Task requirements =>
Leave out every picture and set down, exactly, the lines below from the one holding "首页 四川乐山大佛露出底座 2022-08-24" up to and including the one holding "Personalized Birthday Gifts".

Data for review =>
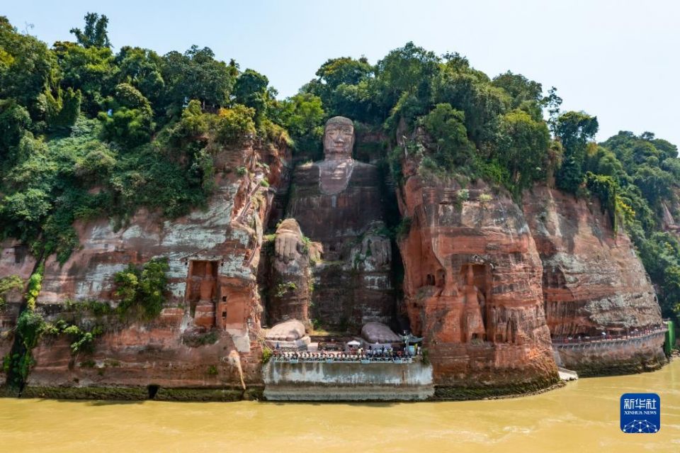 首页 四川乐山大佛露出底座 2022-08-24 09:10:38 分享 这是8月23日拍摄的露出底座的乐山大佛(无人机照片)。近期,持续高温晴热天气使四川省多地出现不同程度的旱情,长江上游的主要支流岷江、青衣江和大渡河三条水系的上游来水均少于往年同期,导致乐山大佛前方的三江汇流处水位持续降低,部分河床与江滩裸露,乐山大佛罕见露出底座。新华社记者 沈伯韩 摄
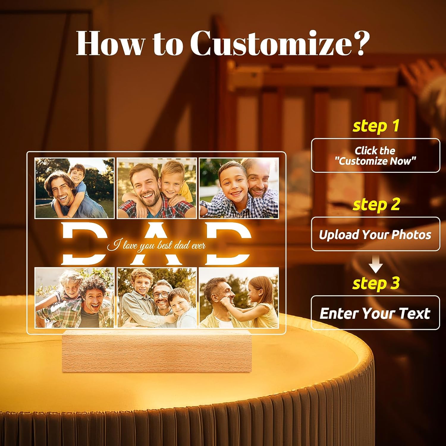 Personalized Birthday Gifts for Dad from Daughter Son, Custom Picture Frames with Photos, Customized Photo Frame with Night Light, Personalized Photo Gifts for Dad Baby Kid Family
==
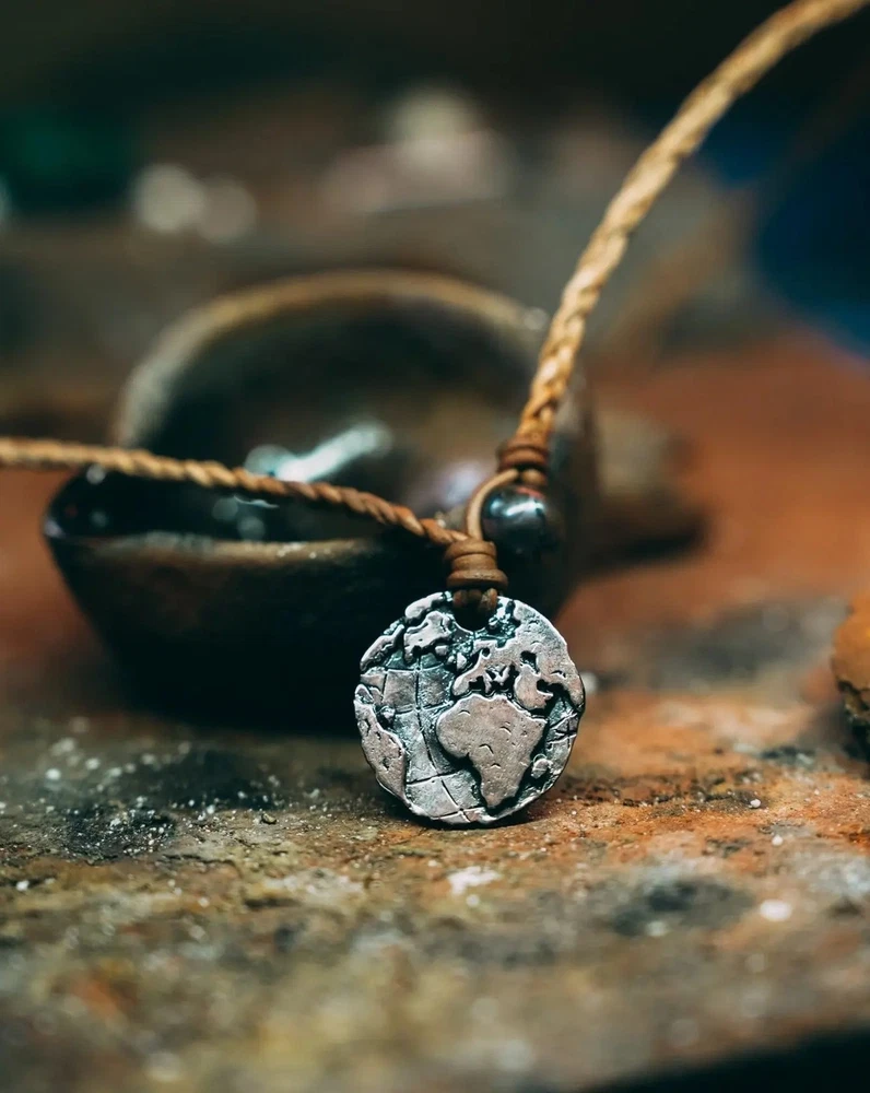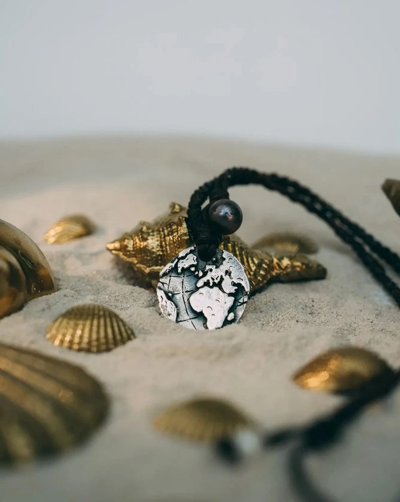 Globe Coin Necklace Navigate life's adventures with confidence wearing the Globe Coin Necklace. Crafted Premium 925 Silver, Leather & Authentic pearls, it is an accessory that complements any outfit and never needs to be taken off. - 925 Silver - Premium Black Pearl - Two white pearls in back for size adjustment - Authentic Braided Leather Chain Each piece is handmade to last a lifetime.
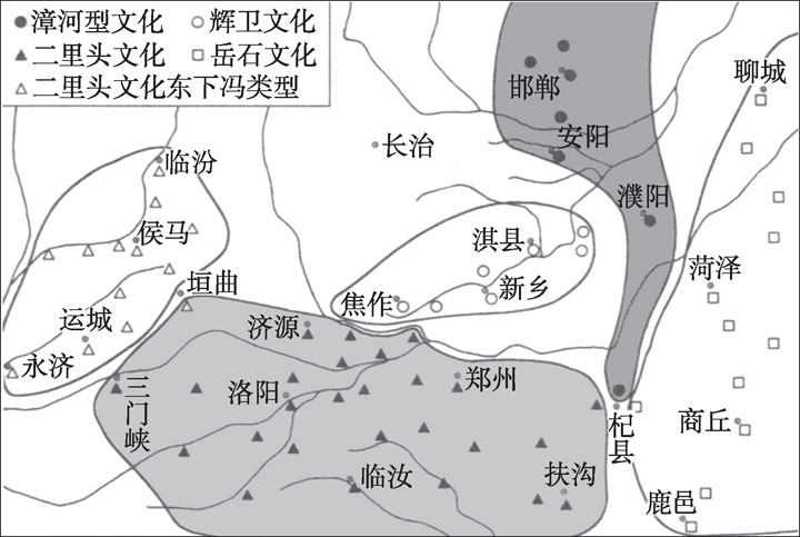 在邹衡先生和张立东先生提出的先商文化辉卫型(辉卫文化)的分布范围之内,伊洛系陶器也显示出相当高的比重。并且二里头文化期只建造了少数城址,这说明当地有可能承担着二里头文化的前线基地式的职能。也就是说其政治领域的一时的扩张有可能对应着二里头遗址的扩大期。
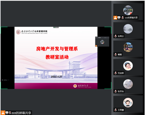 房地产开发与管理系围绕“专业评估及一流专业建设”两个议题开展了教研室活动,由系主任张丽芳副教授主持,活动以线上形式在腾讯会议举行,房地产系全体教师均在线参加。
---
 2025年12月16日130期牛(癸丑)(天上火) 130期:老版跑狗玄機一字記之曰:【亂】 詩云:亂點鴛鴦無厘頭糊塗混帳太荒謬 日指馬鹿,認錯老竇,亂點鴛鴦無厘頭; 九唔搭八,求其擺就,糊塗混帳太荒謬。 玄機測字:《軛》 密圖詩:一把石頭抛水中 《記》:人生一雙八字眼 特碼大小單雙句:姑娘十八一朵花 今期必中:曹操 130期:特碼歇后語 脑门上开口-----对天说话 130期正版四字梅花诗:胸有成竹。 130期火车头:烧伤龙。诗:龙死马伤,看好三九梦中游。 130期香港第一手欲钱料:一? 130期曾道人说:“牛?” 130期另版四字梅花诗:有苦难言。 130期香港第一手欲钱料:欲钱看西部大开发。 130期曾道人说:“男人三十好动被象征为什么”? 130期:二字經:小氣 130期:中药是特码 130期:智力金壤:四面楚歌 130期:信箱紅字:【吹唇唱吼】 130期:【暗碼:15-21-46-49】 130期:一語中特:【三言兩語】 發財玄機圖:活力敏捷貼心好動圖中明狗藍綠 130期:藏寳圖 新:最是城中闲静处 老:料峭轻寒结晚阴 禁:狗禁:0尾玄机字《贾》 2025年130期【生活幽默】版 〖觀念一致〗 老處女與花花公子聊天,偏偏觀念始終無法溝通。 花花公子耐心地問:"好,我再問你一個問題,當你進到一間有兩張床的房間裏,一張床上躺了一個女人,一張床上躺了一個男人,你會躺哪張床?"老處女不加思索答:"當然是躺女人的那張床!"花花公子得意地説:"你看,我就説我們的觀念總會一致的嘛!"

Exercise solution =>
 首页 四川乐山大佛露出底座 2022-08-24 09:10:38 分享 这是8月23日拍摄的露出底座的乐山大佛(无人机照片)。近期,持续高温晴热天气使四川省多地出现不同程度的旱情,长江上游的主要支流岷江、青衣江和大渡河三条水系的上游来水均少于往年同期,导致乐山大佛前方的三江汇流处水位持续降低,部分河床与江滩裸露,乐山大佛罕见露出底座。新华社记者 沈伯韩 摄
 Personalized Birthday Gifts for Dad from Daughter Son, Custom Picture Frames with Photos, Customized Photo Frame with Night Light, Personalized Photo Gifts for Dad Baby Kid Family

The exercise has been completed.